→ EXERCISE DIRECTIONS: Word for word, output the data, with none of its pictures.

→ DATA EXCERPT:
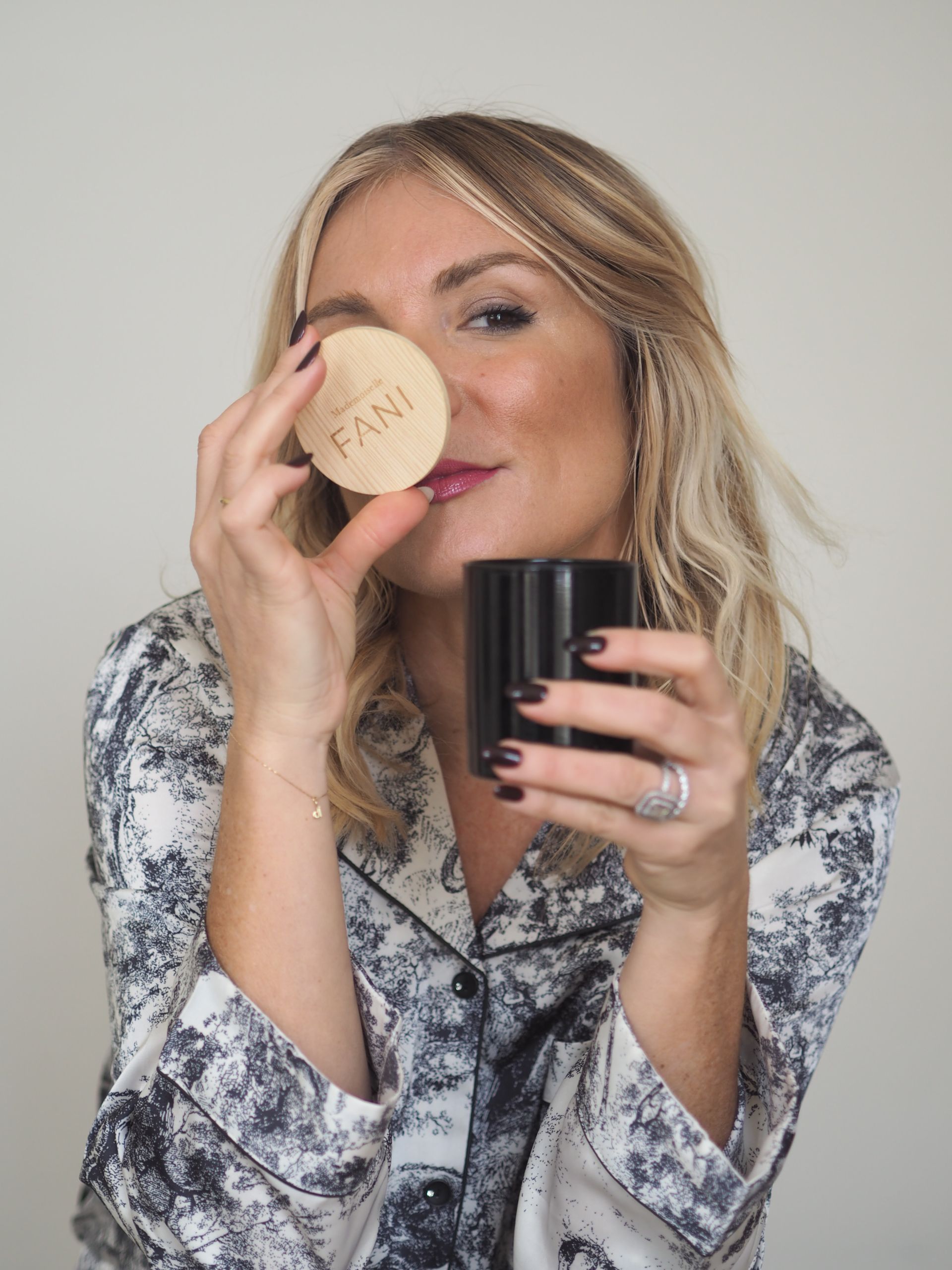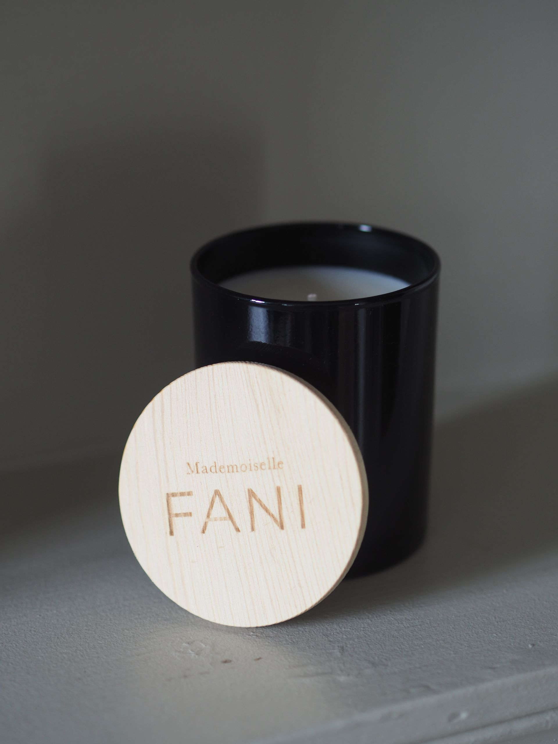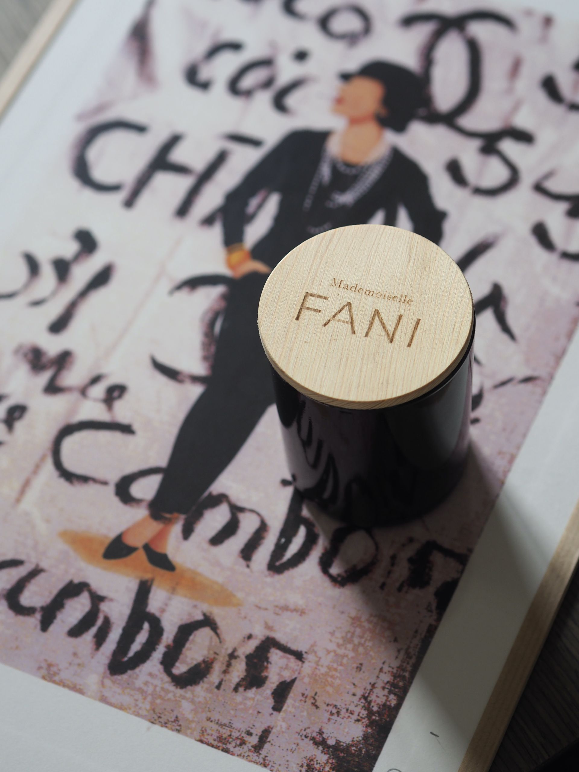 Verre ambré couvercle en bois gravé Mademoiselle FANI
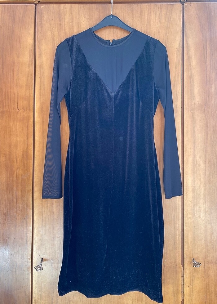 Mango Suit kadife tül detaylı şık elbise. Etek baskısı açılmıştır, isterseniz yaptırabilirsiniz. Ölçüler fotolarda. Yılbaşı vitrininde vardı. Asla modası geçmez şık bir abiyedir. Astarlıdır.
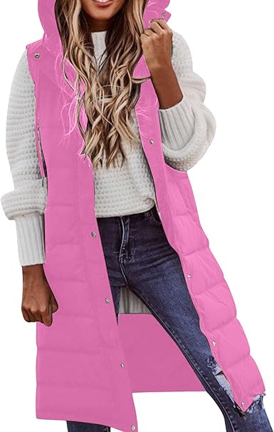 Women's Long Down Sleeveless Hooded Jacket Plus Size Winter Warm Slim Zipper Coats Outdoor Jackets Puffer Vest
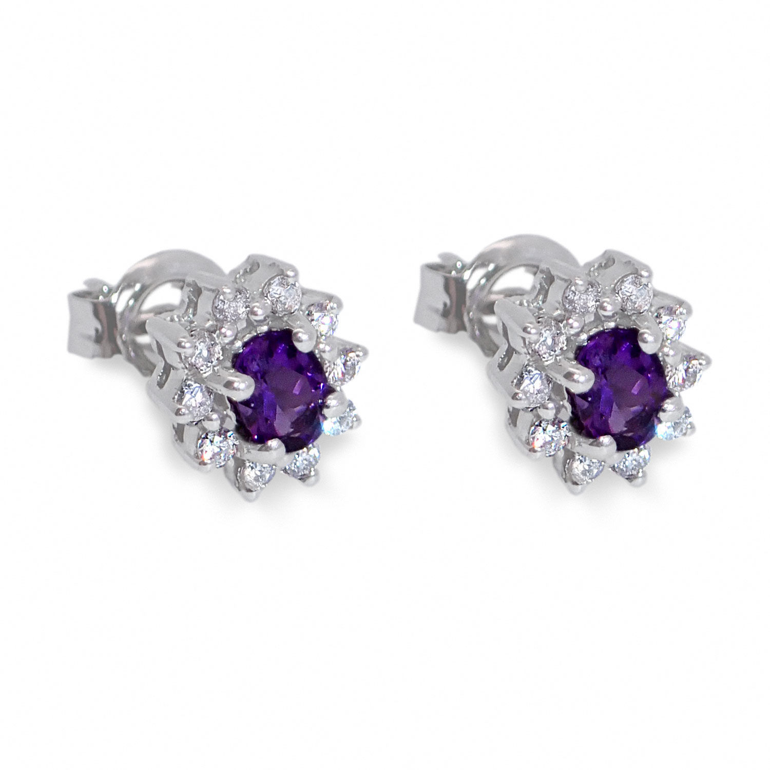 Diamantøredobber i hvitt gull med ametyst og diamanter 0,18 ct W-Si. De elegante diamantøredobbene med rosettmotiv er prydet med forlokkende ametyster og omringet av skinnende diamanter. Disse blendende diamantøredobbene inneholder ametyst og diamanter av høy kvalitet, som vil bevare sin glans og sjarm i mange år framover. Størrelse: 7 x 6 mm.

→ OUTPUT:
 Verre ambré couvercle en bois gravé Mademoiselle FANI
 Mango Suit kadife tül detaylı şık elbise. Etek baskısı açılmıştır, isterseniz yaptırabilirsiniz. Ölçüler fotolarda. Yılbaşı vitrininde vardı. Asla modası geçmez şık bir abiyedir. Astarlıdır.
 Women's Long Down Sleeveless Hooded Jacket Plus Size Winter Warm Slim Zipper Coats Outdoor Jackets Puffer Vest
 Diamantøredobber i hvitt gull med ametyst og diamanter 0,18 ct W-Si. De elegante diamantøredobbene med rosettmotiv er prydet med forlokkende ametyster og omringet av skinnende diamanter. Disse blendende diamantøredobbene inneholder ametyst og diamanter av høy kvalitet, som vil bevare sin glans og sjarm i mange år framover. Størrelse: 7 x 6 mm.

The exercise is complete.